In 1800 Masquerier revisited Paris, and claimed, through the interest of Madame Tallien, whose portrait he painted, to have made a drawing of Napoleon Bonaparte as first consul. He certainly returned to England with sketches and notes, and with the help of Charles Turner and Henry Bernard Chalon very hurriedly painted in his London studio a picture of Napoleon reviewing the Consular Guards in the Court of the Tuileries, which he exhibited in Piccadilly in 1801. This picture attracted large crowds on the assumption that it was the first authentic likeness of Napoleon exhibited in England. The writer "Peter Porcupine" (an alias of William Cobbett, then a fierce critic of the French Revolution) accused him of being an alien spy and emissary of Napoleon. As a result, he was summoned to the Alien Office by John Reeves, and only saved himself from deportation by the producing the registration of his birth at Chelsea.
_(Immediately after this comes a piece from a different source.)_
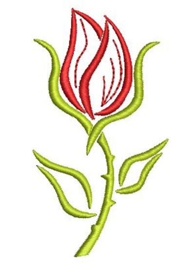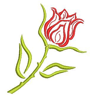 Die Rose wird mit zwei Farbstopps voll ausgestickt (Kontur Satin) und ist in drei Varianten enthalten:

Masquerier painted more than 400 portraits in the first 28 years of his professional career. He also showed a few subject pictures at the Royal Academy, such as The Fortune Teller (1800), Petrarch and Laura (1803), and January and May (1808). In 1814 he fetched his mother from Paris, and provided for her maintenance in England. It was probably on this journey that he painted a portrait of Emma, Lady Hamilton. The next year he visited the field of Waterloo and made a painting of La Belle Alliance. He also drew a portrait of Napoleon's guide, J.B. Coster.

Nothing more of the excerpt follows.